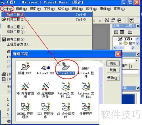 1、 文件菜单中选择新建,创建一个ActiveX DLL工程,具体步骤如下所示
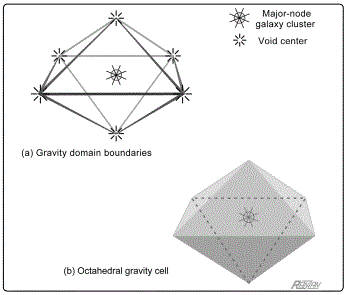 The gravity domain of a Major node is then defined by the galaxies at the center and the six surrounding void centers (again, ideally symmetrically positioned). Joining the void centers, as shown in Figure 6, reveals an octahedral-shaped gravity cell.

---

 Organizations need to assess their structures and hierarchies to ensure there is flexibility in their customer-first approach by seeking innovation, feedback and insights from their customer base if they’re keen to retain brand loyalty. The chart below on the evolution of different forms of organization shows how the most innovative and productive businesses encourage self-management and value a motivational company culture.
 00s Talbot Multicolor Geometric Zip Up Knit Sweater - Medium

### To do:
Above are records with pictures. Reproduce exactly only the lines from the line with "1、 文件菜单中选择新建,创建一个ActiveX DLL工程,具体步骤如下所示" through the line with "The gravity domain", both ends included, and leave the pictures out.

### Answer area:
 1、 文件菜单中选择新建,创建一个ActiveX DLL工程,具体步骤如下所示
 The gravity domain of a Major node is then defined by the galaxies at the center and the six surrounding void centers (again, ideally symmetrically positioned). Joining the void centers, as shown in Figure 6, reveals an octahedral-shaped gravity cell.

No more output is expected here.